## [Task]
Do not copy the pictures. Write out the lines from the start of the entries through the line containing "Falls, slips, and".

Records from a collection:
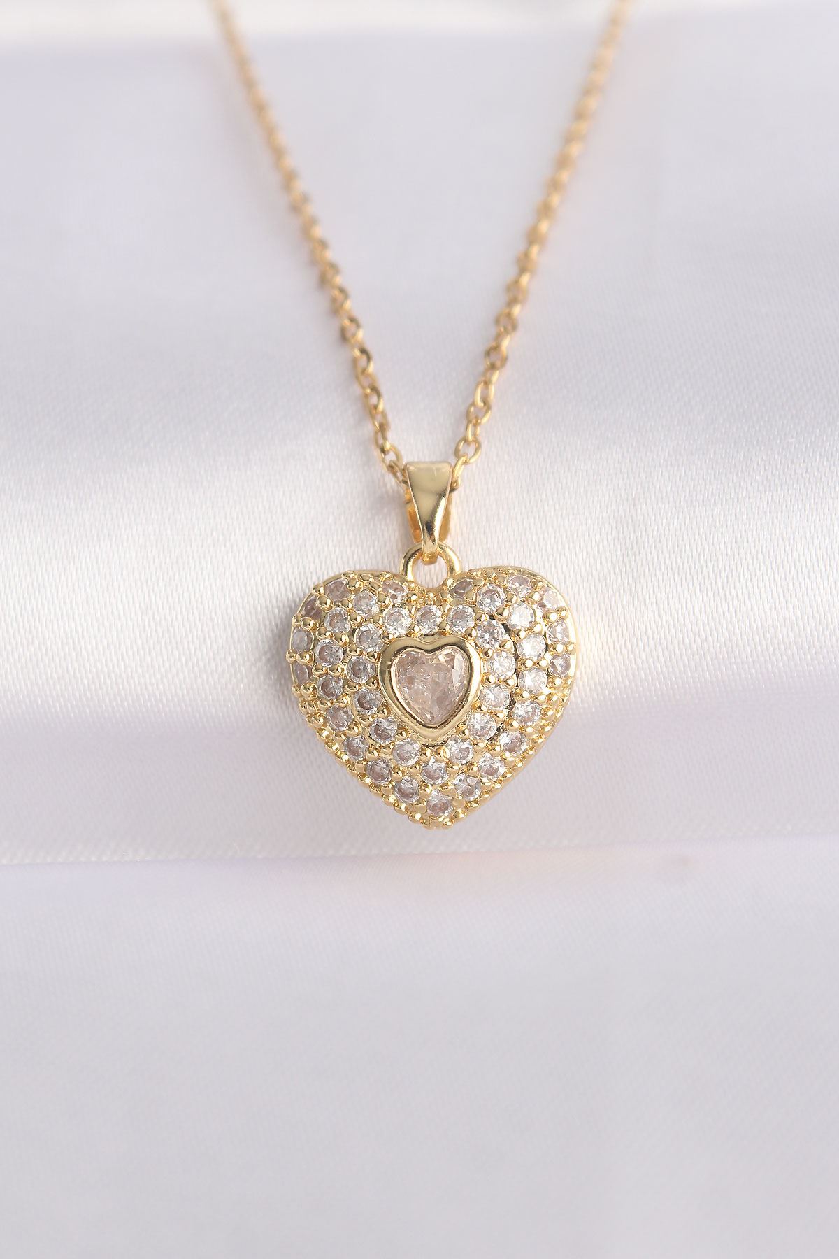YRTCL 316L Çelik Gold Renk Zincir Zirkon Taşlı Kalp Model Kadın Kolye
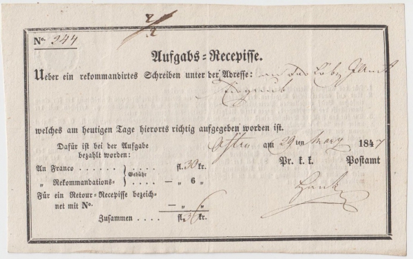 1847 Podací lístek LEDNICE (Eisgrub)
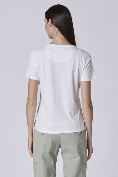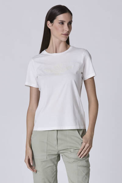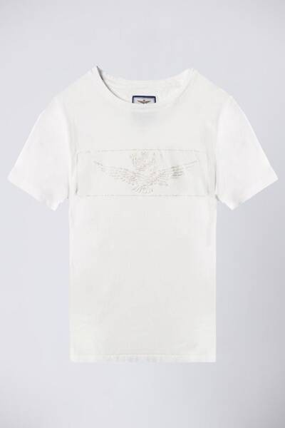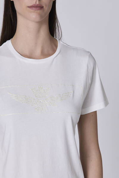 T-SHIRT DAMSKI AERONAUTICA MILITARE - Biały t-shirt o klasycznym, uniwersalnym kroju. Na przodzie koszulki znajduje się efektowne, brokatowe logo orła z wieżyczką, które dodaje całości wyjątkowego charakteru i subtelnego blasku. Dzięki swojemu minimalistycznemu, a jednocześnie eleganckiemu designowi, t-shirt idealnie sprawdzi się zarówno w casualowych, jak i bardziej stylowych zestawieniach.
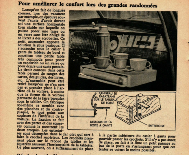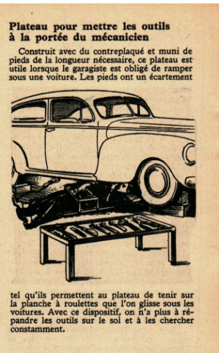 Plateau pour mettre les outils à la portée du mécanicien
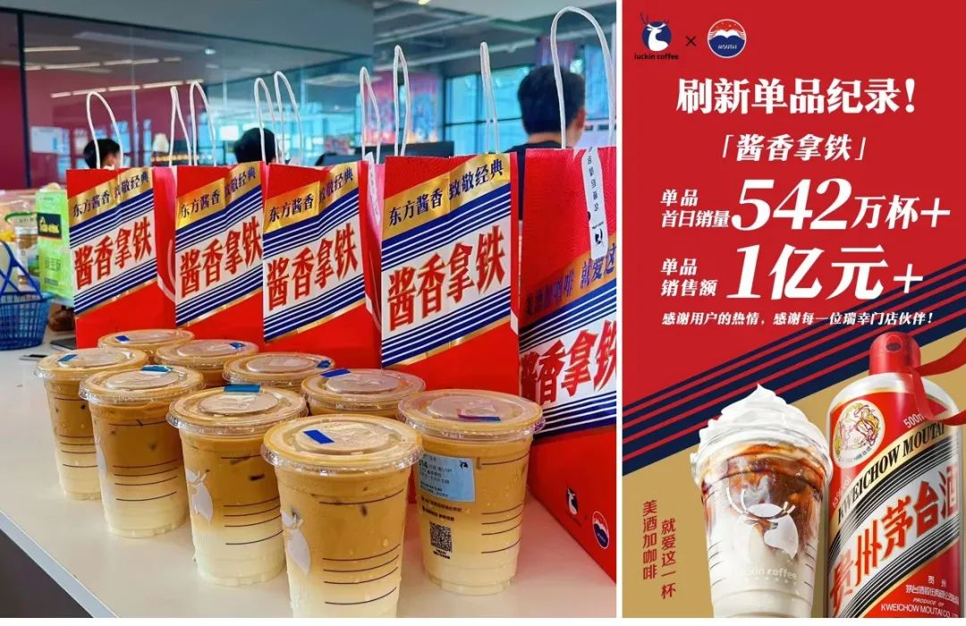 与瑞幸联名推出“酱香拿铁”,作为传统高端白酒品牌的茅台既实现了大众化,又连接到了年轻人。
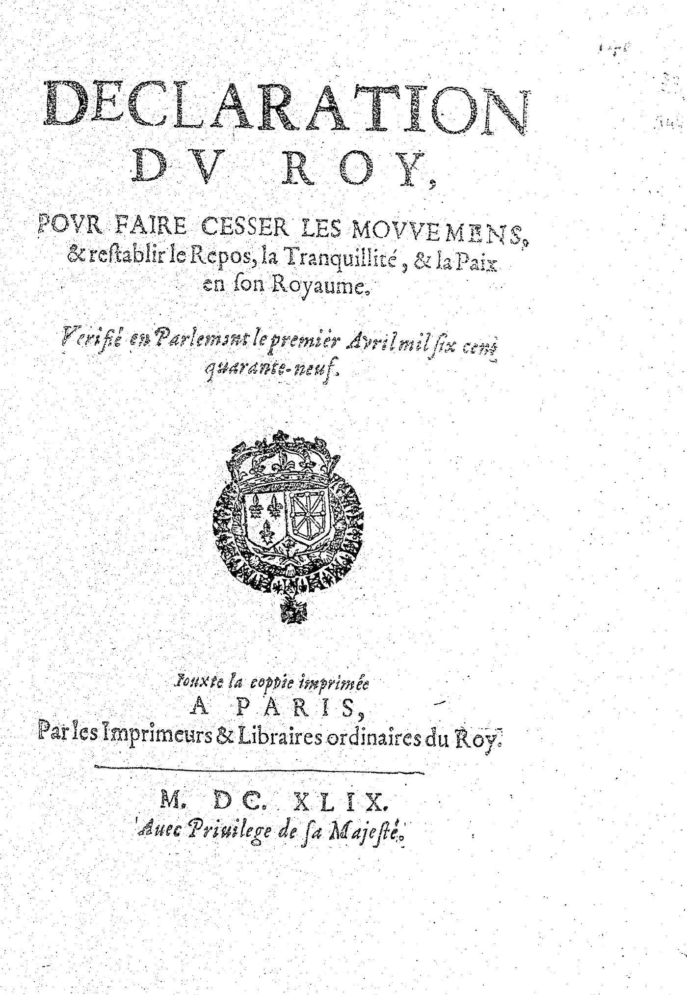 DECLARATION DV ROY, POVR FAIRE CESSER LES MOVVEMENS, & restablir le Repos, la Tranquillité, & la Paix en son Royaume. Verifié en Parlement le premier Avril mil six cent quarante-neuf. Auteur : Louis (XIV), De Guénégaud, Du Tillet [signé]
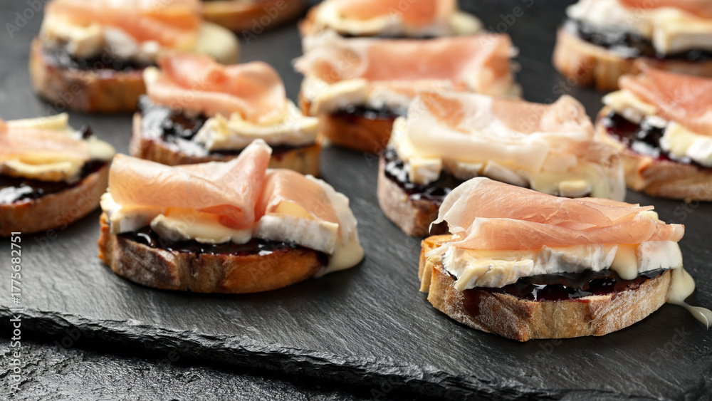 Blueberry Camembert Prosciutto Bruschetta or Toasts. Party Food
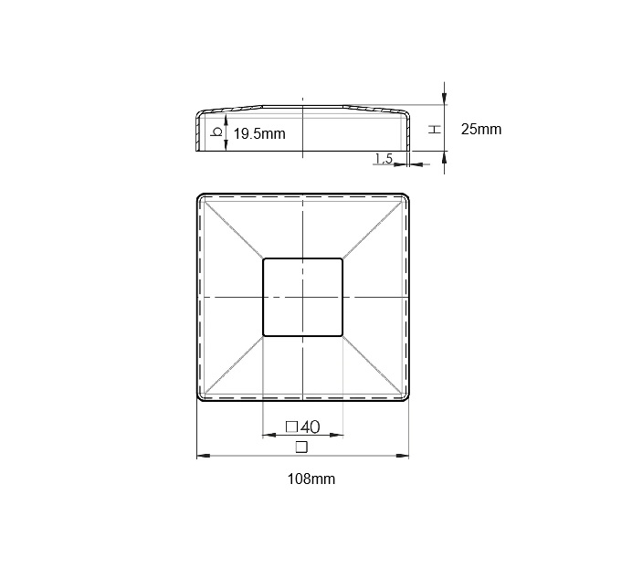 Cache platine inox 304 ou 316 finition satinée 108*108 ht b :25 pour tube 40*40
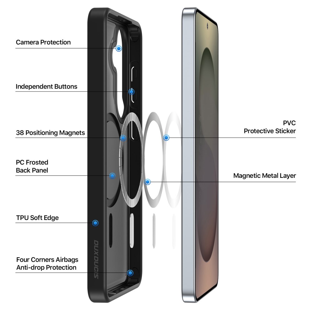 Η Σκληρή Πλάτη PC+TPU για το Samsung Galaxy S26 5G από τη σειρά DUX DUCIS Yind Series συνδυάζει εξαιρετική ανθεκτικότητα με κομψό μαύρο φινίρισμα. Τα μαλακά άκρα TPU με skin-friendly matte επιφάνεια και η σκληρή πλάτη PC εξασφαλίζουν άνετο κράτημα και αποτελεσματική προστασία. Ενσωματωμένοι 38 ισχυροί μαγνήτες εξασφαλίζουν πλήρη συμβατότητα με magnetic chargers, magnetic car mounts και άλλα μαγνητικά αξεσουάρ.
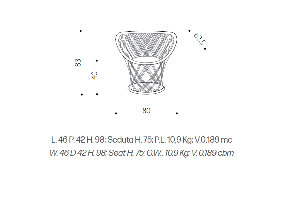 Pavo by Driade is an easy chair with structure in painted steel covered with wicker in brown colour and polyurethane foam fixed cushion with black leather cover. Indoor use only.
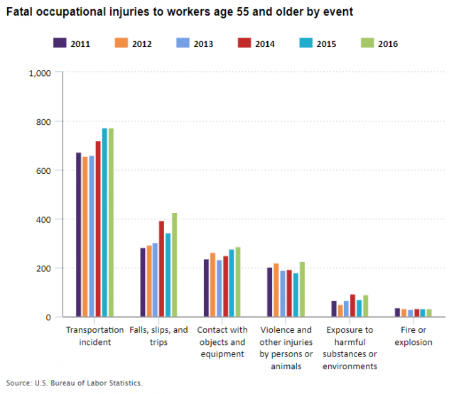 Falls, slips, and trips resulted in 426 fatal injuries to workers age 55 and older in 2016, second only behind transportation incidents. Within this category, 313 workers died from falls to a lower level. These include falls due to collapsing structures or equipment, through a surface or existing opening, or from objects or structures (such as trees, stairs, or roofs).
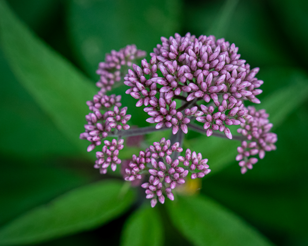 Rhododendrons lined the carriage road, and covered the forest floor—one can only imagine what it would look like in mid-June when the Rhododendrons are in full bloom. Scattered along the roadside among the Rhododendrons were beautiful wildflowers; Master Gardeners Nan and George identified them and provided some information about each species. It was like a guided tour! Even a few butterflies were observed nectaring on the blooms. Light rain accompanied us on the ascending half of the loop trail.
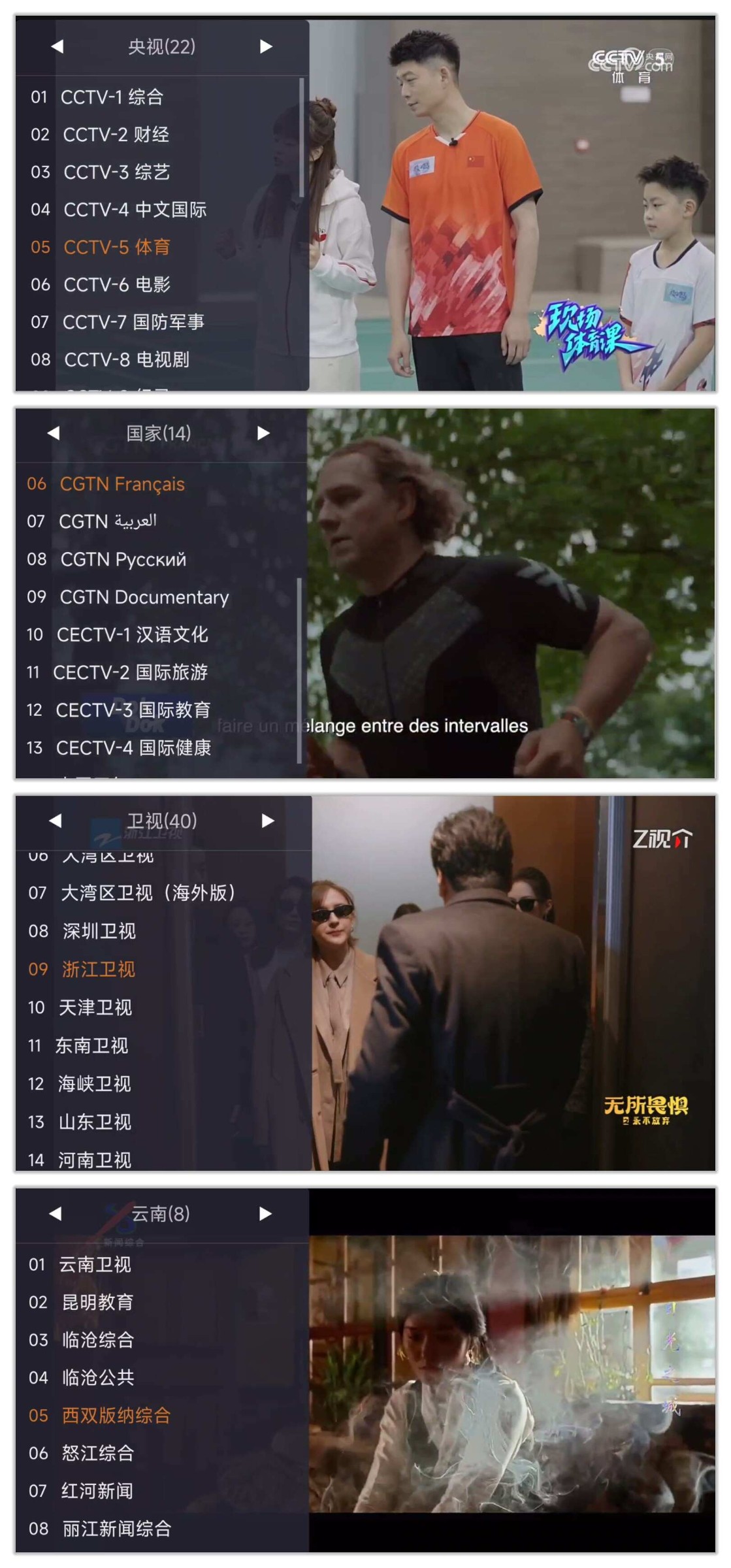 - 频道齐全:涵盖央视、卫视、地方台等多种频道。
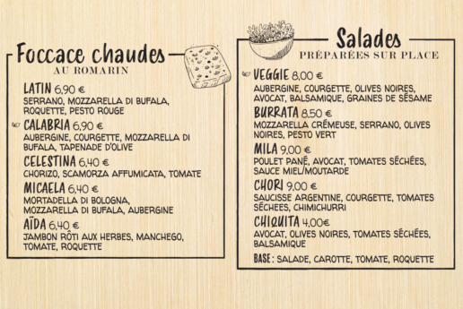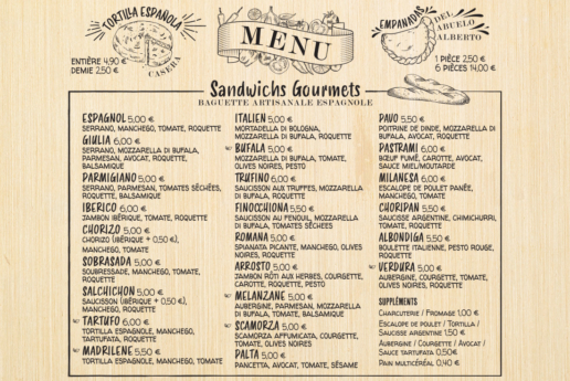Vanessa m’a contacté pour voir ensemble comment mettre en valeur le menu de sa sandwicherie. Elle dispose en effet de grands murs au dessus de son étale et elle souhaitait y installer des panneaux de bois imprimés. Venant tout droit d’Argentine, elle voulait quelque chose qui inspire l’authenticité et la gourmandise. J’ai réalisé plusieurs illustrations à la main et retravaillé d’autre venues d’une banque d’image, afin de réduire le coût du projet. Le résultat était grandiose ! Malheureusement, les prix avaient été imprimés dessus et aujourd’hui, ils ne sont plus d’actualité. C’est donc important de tenir compte de ce facteur pour ce type de projet.
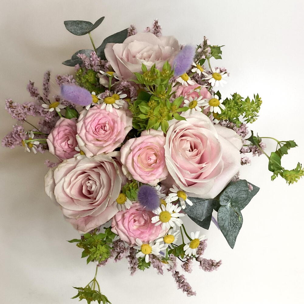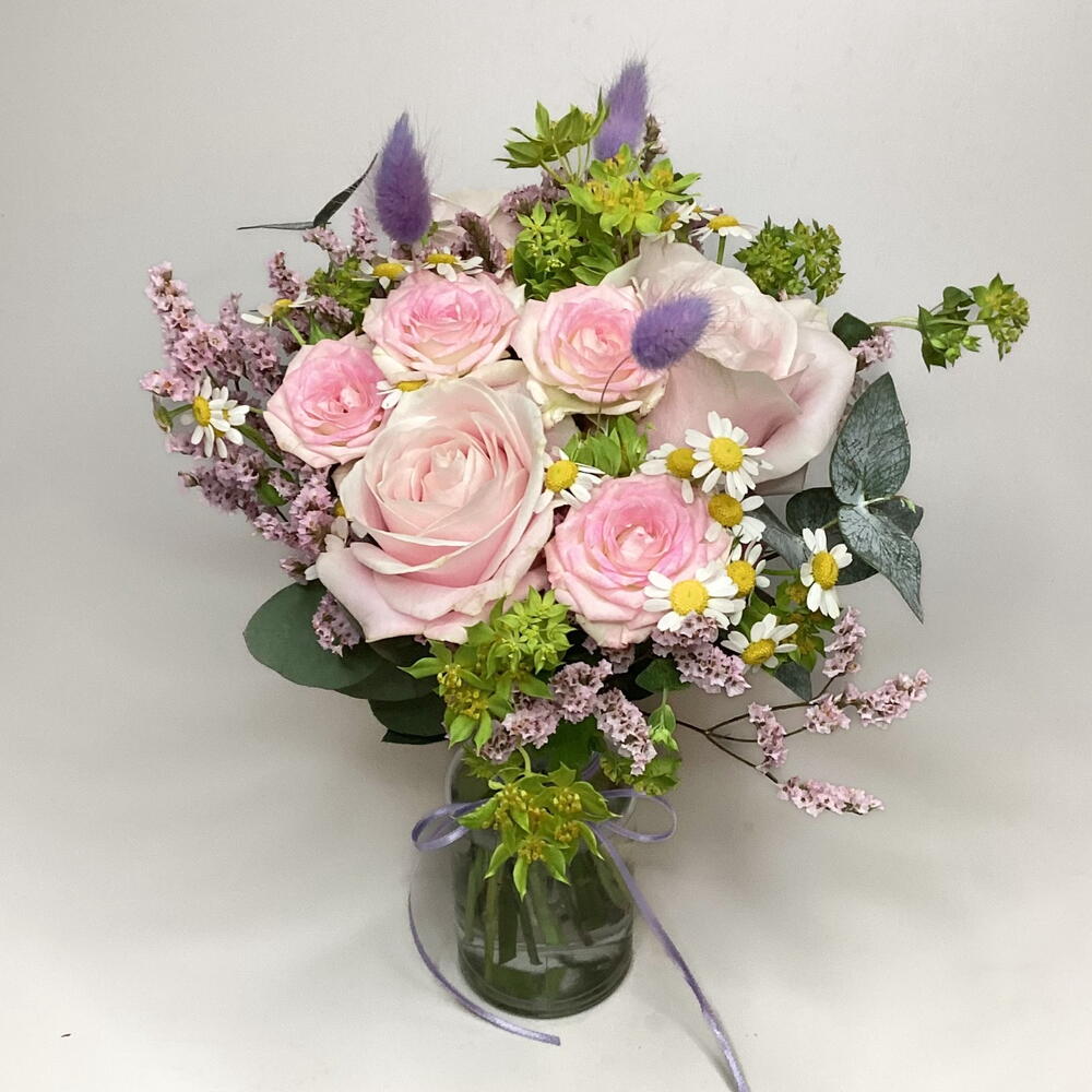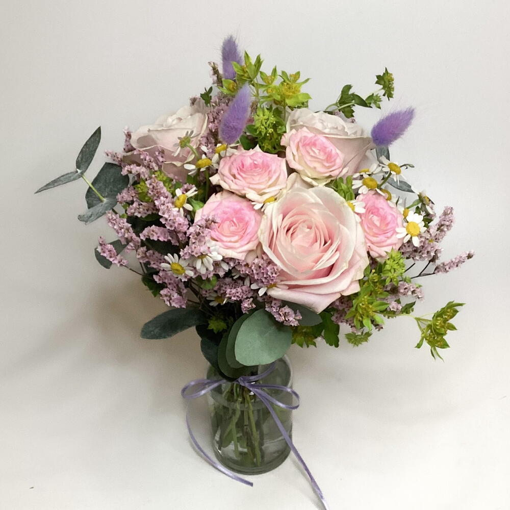 A cute little 10cm jar filled with pastel pink roses, spray rose, chamomile, bupleurum and dried bunny tails.
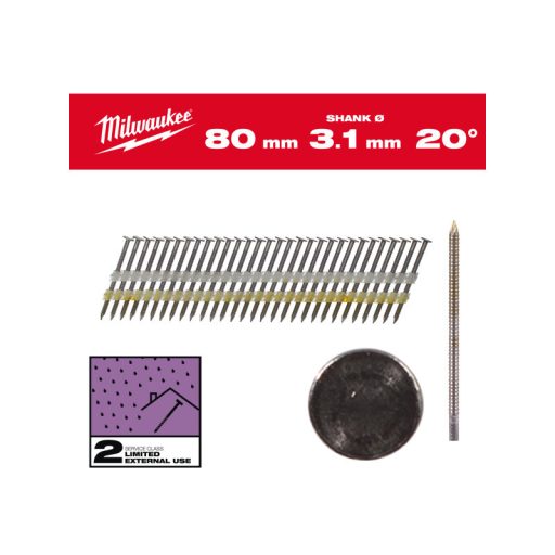 MILWAUKEE Szerkezetépítő szegek, kerekfejű, galvanizált 20° SC2 - 3,1 x 80 mm (1750 db)

## [Task solution]
YRTCL 316L Çelik Gold Renk Zincir Zirkon Taşlı Kalp Model Kadın Kolye
 1847 Podací lístek LEDNICE (Eisgrub)
 T-SHIRT DAMSKI AERONAUTICA MILITARE - Biały t-shirt o klasycznym, uniwersalnym kroju. Na przodzie koszulki znajduje się efektowne, brokatowe logo orła z wieżyczką, które dodaje całości wyjątkowego charakteru i subtelnego blasku. Dzięki swojemu minimalistycznemu, a jednocześnie eleganckiemu designowi, t-shirt idealnie sprawdzi się zarówno w casualowych, jak i bardziej stylowych zestawieniach.
 Plateau pour mettre les outils à la portée du mécanicien
 与瑞幸联名推出“酱香拿铁”,作为传统高端白酒品牌的茅台既实现了大众化,又连接到了年轻人。
 DECLARATION DV ROY, POVR FAIRE CESSER LES MOVVEMENS, & restablir le Repos, la Tranquillité, & la Paix en son Royaume. Verifié en Parlement le premier Avril mil six cent quarante-neuf. Auteur : Louis (XIV), De Guénégaud, Du Tillet [signé]
 Blueberry Camembert Prosciutto Bruschetta or Toasts. Party Food
 Cache platine inox 304 ou 316 finition satinée 108*108 ht b :25 pour tube 40*40
 Η Σκληρή Πλάτη PC+TPU για το Samsung Galaxy S26 5G από τη σειρά DUX DUCIS Yind Series συνδυάζει εξαιρετική ανθεκτικότητα με κομψό μαύρο φινίρισμα. Τα μαλακά άκρα TPU με skin-friendly matte επιφάνεια και η σκληρή πλάτη PC εξασφαλίζουν άνετο κράτημα και αποτελεσματική προστασία. Ενσωματωμένοι 38 ισχυροί μαγνήτες εξασφαλίζουν πλήρη συμβατότητα με magnetic chargers, magnetic car mounts και άλλα μαγνητικά αξεσουάρ.
 Pavo by Driade is an easy chair with structure in painted steel covered with wicker in brown colour and polyurethane foam fixed cushion with black leather cover. Indoor use only.
 Falls, slips, and trips resulted in 426 fatal injuries to workers age 55 and older in 2016, second only behind transportation incidents. Within this category, 313 workers died from falls to a lower level. These include falls due to collapsing structures or equipment, through a surface or existing opening, or from objects or structures (such as trees, stairs, or roofs).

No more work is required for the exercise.